Selling Goodwill: Law Office Edition

can you sell the good will of a law office

When it comes to selling a law firm, many lawyers are unaware that this is even an option. However, the goodwill of a law firm can be a valuable asset. In the business world, goodwill is often defined as the amount paid above the fair market value of a business' assets and liabilities. This includes intangible assets such as brand name, reputation, and long-term customer relationships. In the legal profession, where personal relationships are key, the goodwill of a law firm or individual lawyer can be especially valuable. This value can be transferred to a buyer, increasing their revenue by adding new clients to their base.

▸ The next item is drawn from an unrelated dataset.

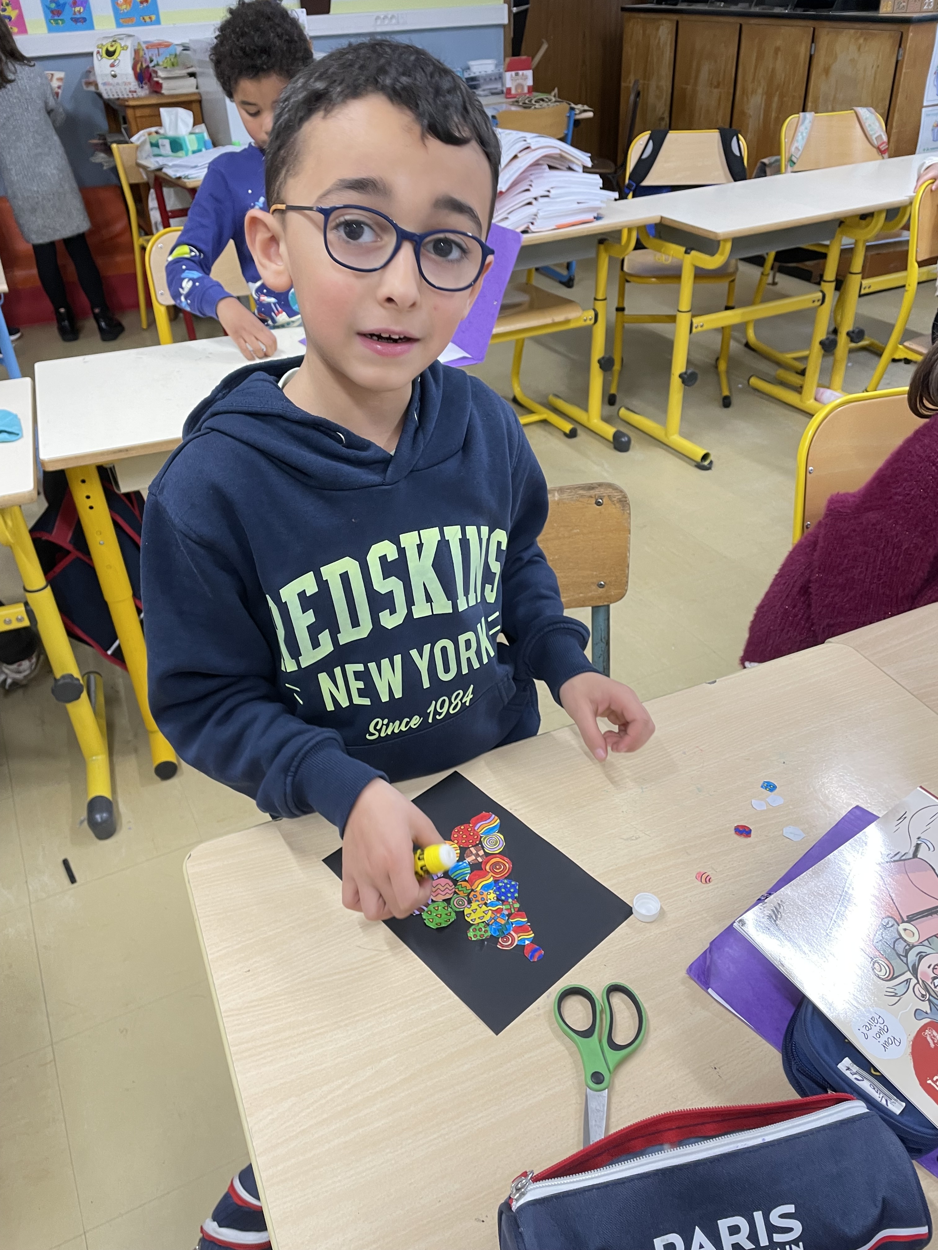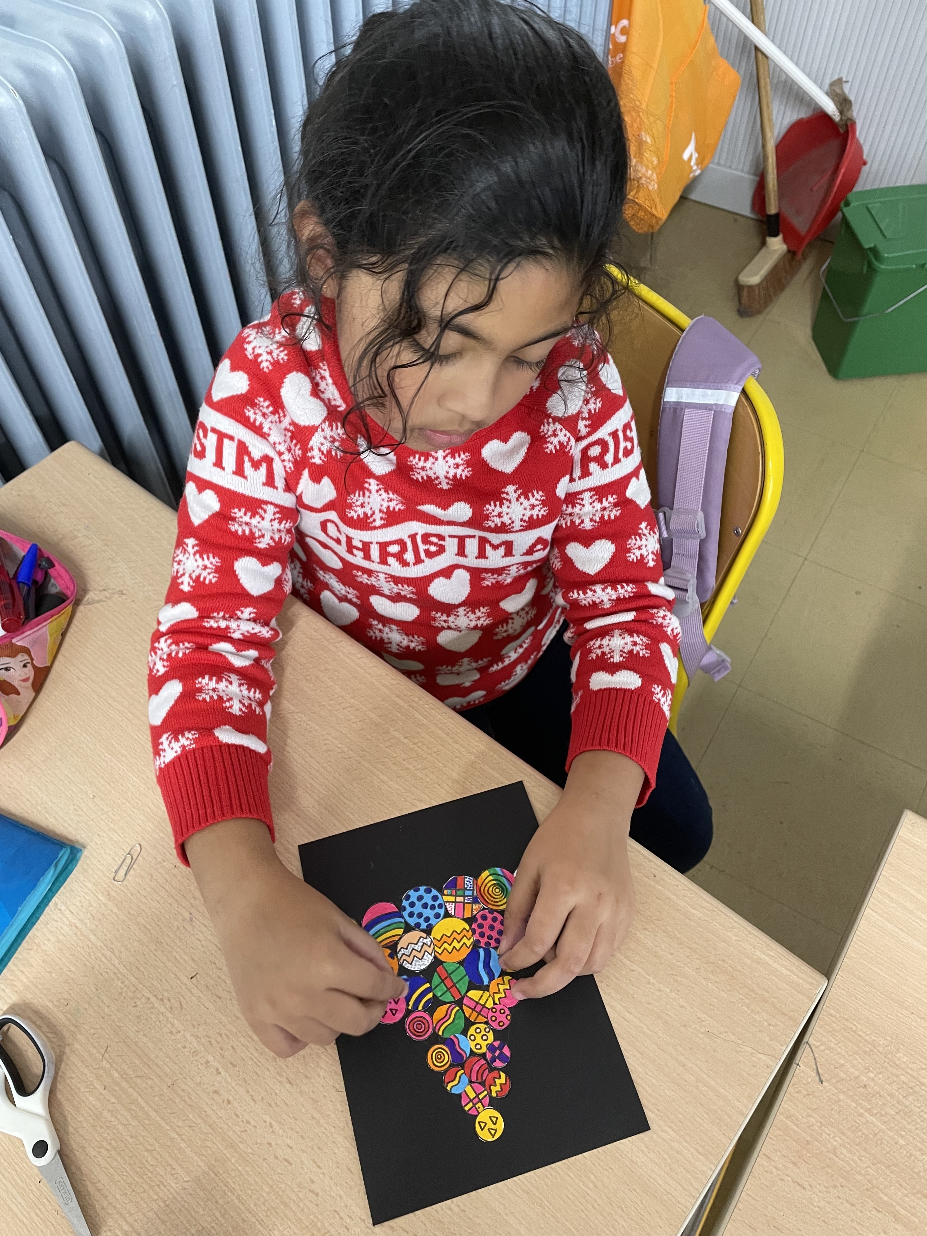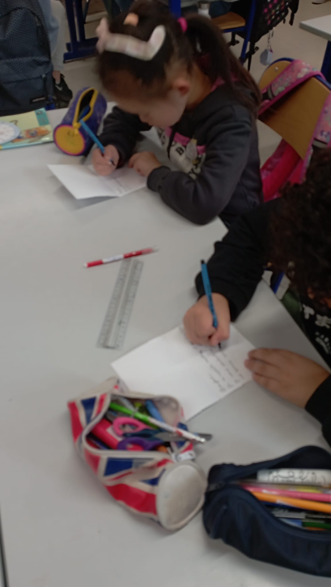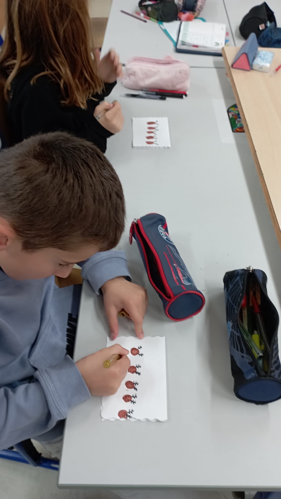 Les élèves ont créés des cartes de vœux à envoyer à une école à Athènes en Grèce et ils recevront aussi des cartes en retour.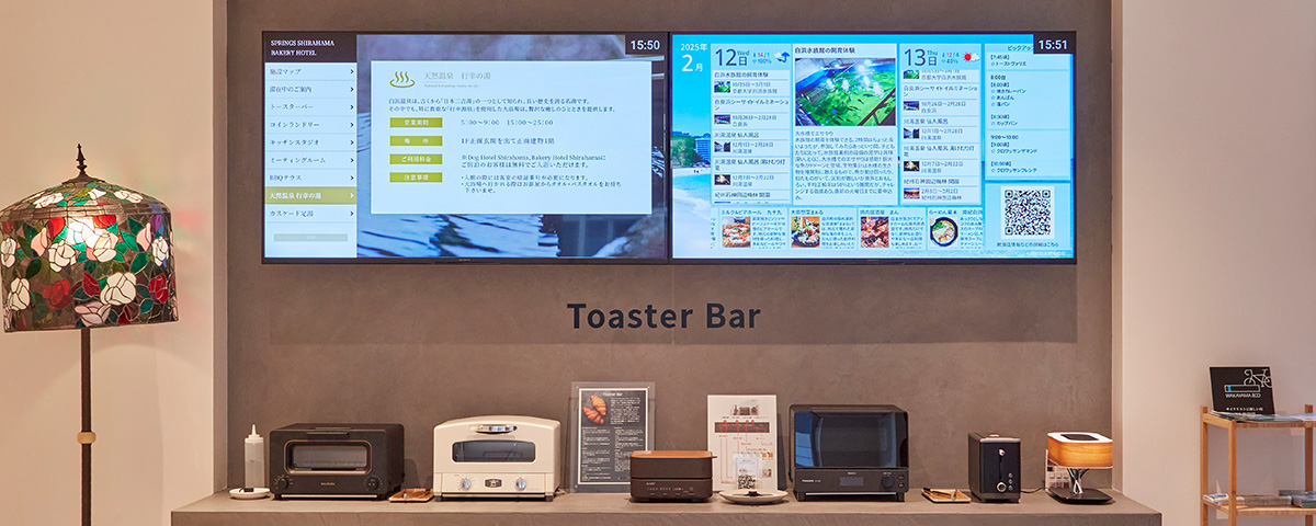 サイネージではホテルの施設案内やイメージ画像、災害発生時には避難場所なども表示しますが、注目いただきたいのは、パンの焼き上がり時間をお知らせしていることです。地域の旬な情報をピックアップし表示していますが、より詳しい情報は表示された二次元コードから、お客様がご自身のスマートフォンで専用情報サイトへアクセスし、見ていただく仕組みになっています。案内板のような一方向的な使い方ではなく、能動的に情報を取りに行く双方向的なスタイルが、さらなる価値や効果を生むと考えました。地域住民に人気のお店や知る人ぞ知るイベントが楽しめることを、お客様は大変よろこばれています。だから「おもてなし」になっている。それが可能なサイネージなんて、法人向けブラビアだけではないでしょうか。

While there may be ethical considerations around selling the goodwill of a law firm, it is a property right that is recognized by state law and can result in substantial tax savings.

Characteristics Values
Definition of Goodwill Goodwill is the amount paid above the fair market value of a business' assets and liabilities.
Goodwill in Law Firms Law firms have more personal goodwill compared to practice goodwill.
Goodwill as an Asset Goodwill is a property right or asset that is transferable in the same way as other assets.
Tax Implications Planning with personal goodwill can minimize taxes arising from the sale of a business.
Valuation of Goodwill An earnings multiplier is a common approach for goodwill valuation, but it is a subjective process.
Factors Affecting Goodwill Age, health, past earning power, reputation, and comparative professional success are factors in determining goodwill.
Selling a Law Firm The transferable value of a law firm includes tangible assets, such as office space and technology, as well as intangible assets like goodwill and client relationships.
Buying a Law Firm Lawyers buying a law firm are interested in growing their revenue by acquiring clients and leveraging the goodwill and reputation of the seller.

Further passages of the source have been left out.